Description
A novice fifth-grade teacher embarks on a clandestine love affair with another teacher, which sets her on the tumultuous path of self-discovery.
It is 1963, one of the most turbulent years in American history. The escalating tensions and conflicts in society at large are playing out in classrooms, principals’ offices, and school boards across the country, along with the first stirrings of social transformation, though the past still holds its suffocating grip. And behind the closed door of the teachers’ room in one small Midwest town, two teachers set eyes on each other and find it hard to look away.
Karen Murphy, fresh from college, has taken on her first teaching job. Despite her best efforts, she can’t seem to stick to the subjects in her fifth-grade school books, helped along by the antics of a girl who upends all her lesson plans. She has a lot to learn, and her women colleagues are there to offer their advice, especially the enigmatic fourth-grade teacher, Esther Jonas. As Karen quickly discovers, the devoted spinster teacher with no life beyond the classroom is a myth—the school is teeming with passion and secrets, her own perilous desire for Esther Jonas included.
The Teachers’ Room offers both a panoramic view of a changing America and an intimate portrait of the hidden lives of teachers.
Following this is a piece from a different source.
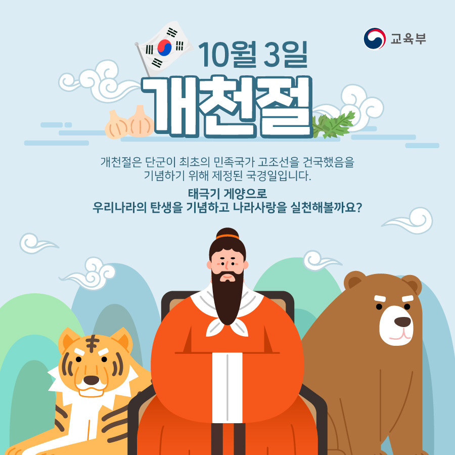 먼저, 다들 아시리라고 생각하지만 개천절은 어떤 날인지 알아보는 것이 좋겠죠? 개천절은 우리 민족의 첫 번째 국가인 고조선의 건국을 기념하는 국경일입니다. 단군이 기원전 2333년에 고조선을 세운 것을 기념하는 날로, '개천'이라는 말은 하늘을 연다는 뜻을 담고 있습니다. 이는 환웅이 태백산 신단수 아래로 내려온 날을 상징하며, 고조선의 건국을 의미합니다. 원래 음력 10월 3일이었지만, 이후 양력으로 변경되어 매년 10월 3일에 기념하고 있답니다.

“The Teachers’ Room is a remarkable novel. The presentation of the setting is beautifully evocative, truly recreating an era. And the historical background—1963 in the Midwest, teachers who had to be closeted or risk everything—was such an important and pivotal time in American social history. But The Teachers’ Room is never dry history. The plot will make the reader keep turning the pages. Most of all, The Teachers’ Room is a wonderful read—engaging, vivid in its depictions, deeply interesting in its characterizations, and very moving.” —Lillian Faderman, renowned scholar of lesbian and LGBT history and literature
“It’s 1963, and in her first year in the classroom, Karen Murphy is “a little too brave,” and not just with her students. The lessons she teaches are often quite different from the lessons she intends or the ones that she has learned. In this fast-moving, vibrant, funny, and wrenching story, Lydia Stryk brings her expert understanding of timing and dramatic tension to fiction, creating a novel that’s at once a mystery, a love story, and a history lesson.” —Sheri Reynolds, author of The Rapture of Canaan and The Tender Grave
“Beyond Hellman’s The Children’s Hour and Highsmith’s The Price of Salt lies The Teachers’ Room, chronicling the events spanning a fifth-grade educator’s rookie year: the time of a president’s assassination and nuclear sheltering under desks, of teachers’ secrets and clandestine lovers, of conservative mores and new radical activism. Lydia Stryk could hardly have chosen a more unlikely setting for her debut tale of lesbian love and struggle than a small town midwestern elementary school in 1963, providing for a compelling page-turner of humor within the classroom, danger outside of it, and compassion in all spheres.” —Kia Corthron, author of Moon and the Mars and The Castle Cross the Magnet Carter
“This fascinating story of two women in the teaching profession leading high-risk lives in the perilous sixties is a striking recreation of an era with tendrils reaching into today. In taking us into The Teachers’ Room, Lydia Stryk illuminates our lesbian lives, animates our history. Her novel belongs with the best of them.” —Katherine V. Forrest, trailblazing author of Curious Wine
Award-winning playwright LYDIA STRYK was born and raised in DeKalb, Illinois, the birthplace of barbed wire and flying ears of corn. After high school, she trained at the Drama Centre in London and pursued an acting career in New York for exactly one year before returning to school to study History and Education. While completing a Master’s degree in Journalism, she wrote a first play, coming full circle back to the theatre, this time as a writer. She has taught in schools and colleges, and her plays have been produced across the country and beyond. She also writes essays. The Teachers’ Room is her first novel.